Parti’s approach first converts a collection of images into a sequence of code entries, similar to puzzle pieces. A given text prompt is then translated into these code entries and a new image is created. This approach takes advantage of existing research and infrastructure for large language models such as PaLM and is critical for handling long, complex text prompts and producing high-quality images.
These models have many limitations. For example, neither can reliably produce specific counts of objects (e.g. “ten apples”), nor place them correctly based on specific spatial descriptions (e.g. “a red sphere to the left of a blue block with a yellow triangle on it”). Also, as prompts become more complex, the models begin to falter, either missing details or introducing details that were not provided in the prompt. These behaviors are a result of several shortcomings, including lack of explicit training material, limited data representation, and lack of 3D awareness. We hope to address these gaps through broader representations and more effective integration into the text-to-image generation process.

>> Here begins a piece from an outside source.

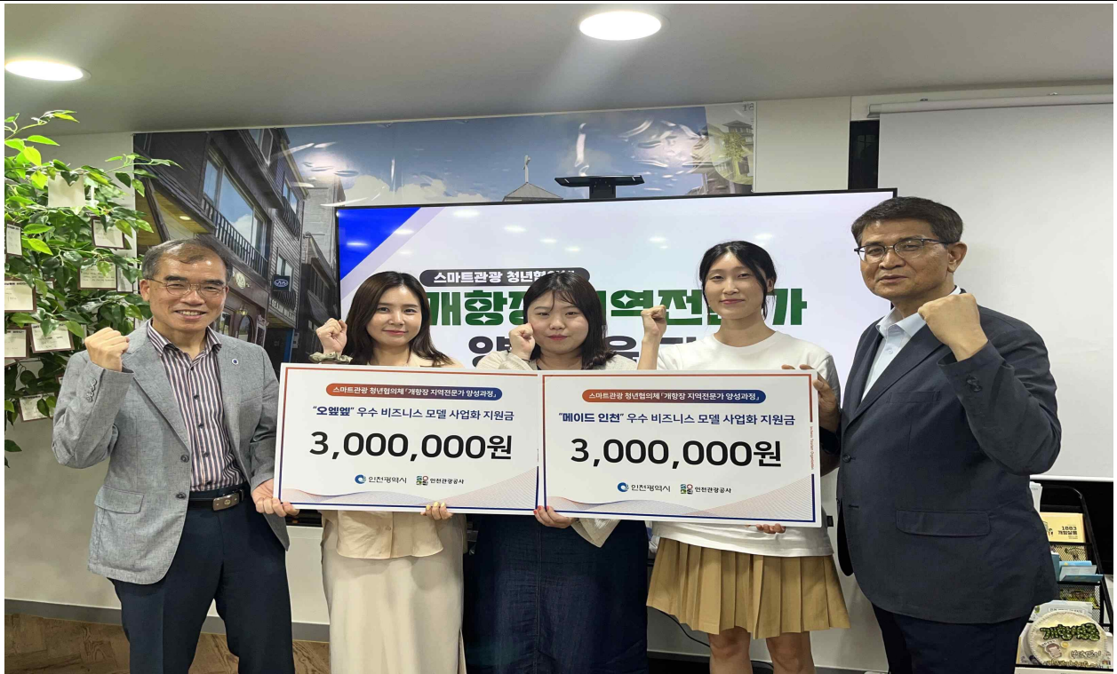
<22년도 우수 비즈니스 모델 사업화 지원금 수여>

Taking a responsible approach to Imagen and Parti
Text-to-image models are exciting tools for inspiration and creativity. They also come with risks related to disinformation, bias and safety. We’re having discussions around Responsible AI practices and the necessary steps to safely pursue this technology. As an initial step, we’re using easily identifiable watermarks to ensure people can always recognize an Imagen- or Parti-generated image. We’re also conducting experiments to better understand biases of the models, like how they represent people and cultures, while exploring possible mitigations. The Imagen and Parti papers provide extensive discussion of these issues.

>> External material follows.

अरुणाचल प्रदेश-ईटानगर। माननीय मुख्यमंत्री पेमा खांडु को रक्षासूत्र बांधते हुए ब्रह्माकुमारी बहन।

What’s next for text-to-image models at Google
We will push on new ideas that combine the best of both models, and expand to related tasks such as adding the ability to interactively generate and edit images through text. We’re also continuing to conduct in-depth comparisons and evaluations to align with our Responsible AI Principles. Our goal is to bring user experiences based on these models to the world in a safe, responsible way that will inspire creativity.